I call it triangles, but you can call it “fully-meshed”, “cross-links”, “bow-tie”, or any other fancy term as long as you and your peers understand each other. The goal here is that if any router in Network 2 fails, this is transparent for everybody in network 1 (of course, except to the peer of the failed router). In the same failure scenario as above when router 2A fails, both routers 1A and 1B still have their routing to network 2, so although some routes are gone, nothing else has changed:

Can you translate into Azure?

Yes, I was coming to that now, thanks for keeping me in track. You will confront the same question as we discussed above when connecting two Azure regions to two ExpressRoute circuits. Have a look at the following topology:

This design implements the square design between the ExpressRoute gateways and the MSEE routers. Our network 1 is the Azure side (the virtual networks in blue background), and our network 2 your on-premises backbone, where the routers implementing the connectivity are the ExpressRoute gateways at the top and the Microsoft Edge Enterprise (MSEE) routers at the bottom.

The main advantage of this square design is that you can use the Local SKU for your ExpressRoute circuit, if you create the circuit in the right ExpressRoute location (check out here to which Azure region each ExpressRoute location can connect via local circuits). Is that a good thing?

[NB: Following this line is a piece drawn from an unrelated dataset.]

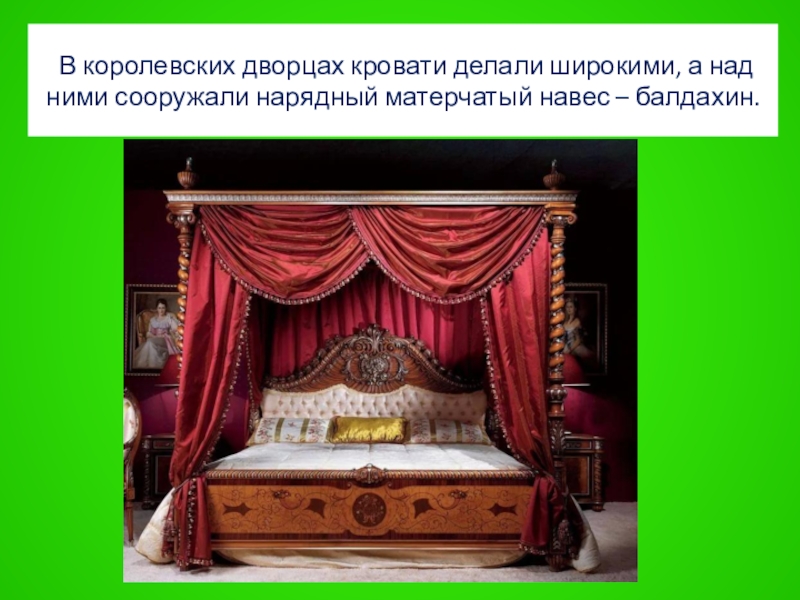 Слайд 21 В королевских дворцах кровати делали широкими, а над ними сооружали

Let’s see with an example: considering published ExpressRoute pricing (see here), an ExpressRoute Standard circuit costs $3,400 per month plus bandwidth. Let’s assume that your circuit is in average loaded at 10%. That means that per month you will transfer around 324 TB, which at $0.025 per GB means around extra $8,100 for your bandwidth. So you are at a total of $11,400 per month. If your circuit average load is not 10% but 30%, your monthly cost per circuit goes up to $27,700. If you ran your circuit at around 60% average load, it would be better going for the unmetered ExpressRoute plan at $51,300 per month (as a corollary of this paragraph, if you are on the metered plan and have high utilization rates you should always check whether the unlimited plan would be more convenient).

What if you could use ExpressRoute Local? Well, your price per month is now $5,500 with one significant difference: it includes bandwidth. So you pay that price regardless if your circuit is used at 10%, 20% or 100%. Compared to the unlimited plan for Standard circuits, you are around 90% cheaper (not to mention Premium, if your two regions happened to be in different continents). Well, this seems to be a compelling reason!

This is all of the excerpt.